Look below for the line with "Airborne Chewable Tablets"; begin the copy there and stop after the line with "L’association Étoile de", keeping the text exact and the pictures out.

━━ Dataset entries

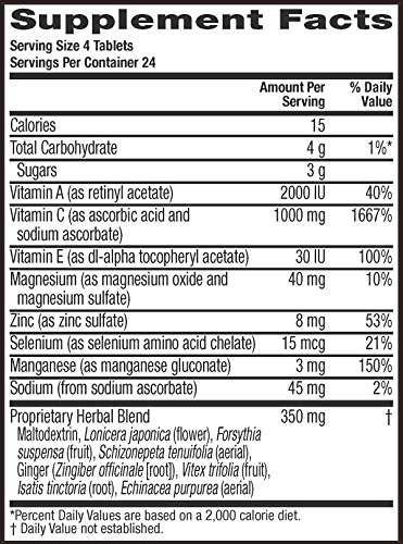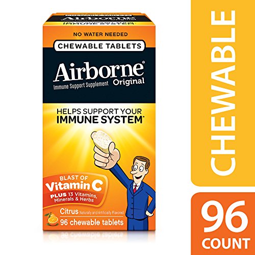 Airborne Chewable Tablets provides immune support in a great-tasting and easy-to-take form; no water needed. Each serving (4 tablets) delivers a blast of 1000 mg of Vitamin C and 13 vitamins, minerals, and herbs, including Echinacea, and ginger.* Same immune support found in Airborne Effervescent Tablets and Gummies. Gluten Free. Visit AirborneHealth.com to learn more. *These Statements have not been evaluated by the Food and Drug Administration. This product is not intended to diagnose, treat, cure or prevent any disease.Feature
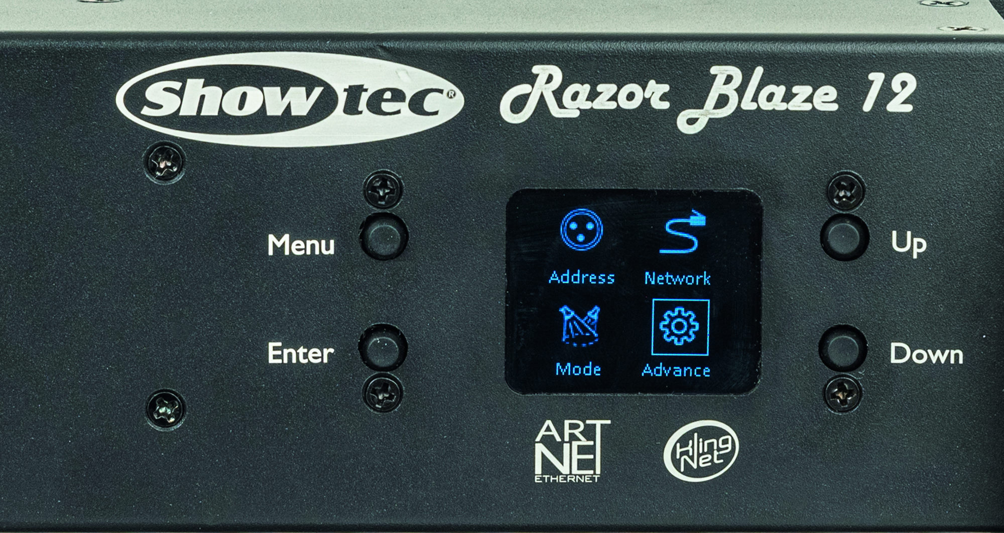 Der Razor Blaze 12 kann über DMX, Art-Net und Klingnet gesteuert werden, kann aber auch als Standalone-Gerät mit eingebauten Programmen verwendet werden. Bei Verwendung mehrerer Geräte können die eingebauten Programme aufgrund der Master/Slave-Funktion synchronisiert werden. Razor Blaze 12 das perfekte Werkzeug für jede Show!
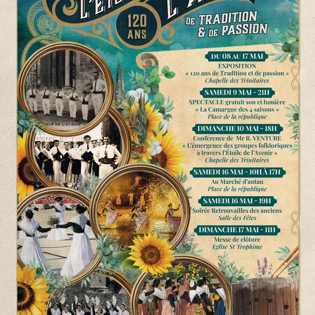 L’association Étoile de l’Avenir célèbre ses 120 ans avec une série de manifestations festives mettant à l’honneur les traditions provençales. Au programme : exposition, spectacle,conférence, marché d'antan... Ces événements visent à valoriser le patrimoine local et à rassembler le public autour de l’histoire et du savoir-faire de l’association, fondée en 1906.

━━━━
━━ Dataset entries

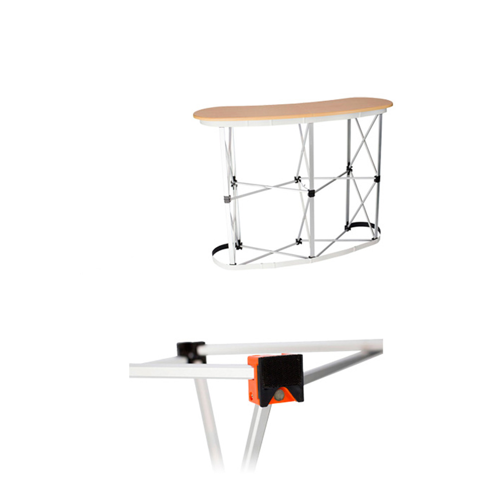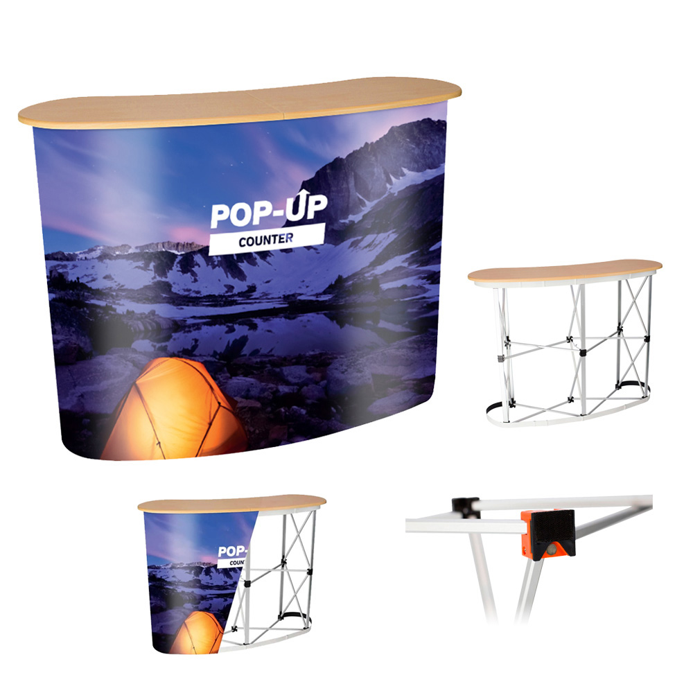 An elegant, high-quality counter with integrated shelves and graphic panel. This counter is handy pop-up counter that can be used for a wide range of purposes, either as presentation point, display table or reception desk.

━━━━

** Response for this exercise **
 Airborne Chewable Tablets provides immune support in a great-tasting and easy-to-take form; no water needed. Each serving (4 tablets) delivers a blast of 1000 mg of Vitamin C and 13 vitamins, minerals, and herbs, including Echinacea, and ginger.* Same immune support found in Airborne Effervescent Tablets and Gummies. Gluten Free. Visit AirborneHealth.com to learn more. *These Statements have not been evaluated by the Food and Drug Administration. This product is not intended to diagnose, treat, cure or prevent any disease.Feature
 Der Razor Blaze 12 kann über DMX, Art-Net und Klingnet gesteuert werden, kann aber auch als Standalone-Gerät mit eingebauten Programmen verwendet werden. Bei Verwendung mehrerer Geräte können die eingebauten Programme aufgrund der Master/Slave-Funktion synchronisiert werden. Razor Blaze 12 das perfekte Werkzeug für jede Show!
 L’association Étoile de l’Avenir célèbre ses 120 ans avec une série de manifestations festives mettant à l’honneur les traditions provençales. Au programme : exposition, spectacle,conférence, marché d'antan... Ces événements visent à valoriser le patrimoine local et à rassembler le public autour de l’histoire et du savoir-faire de l’association, fondée en 1906.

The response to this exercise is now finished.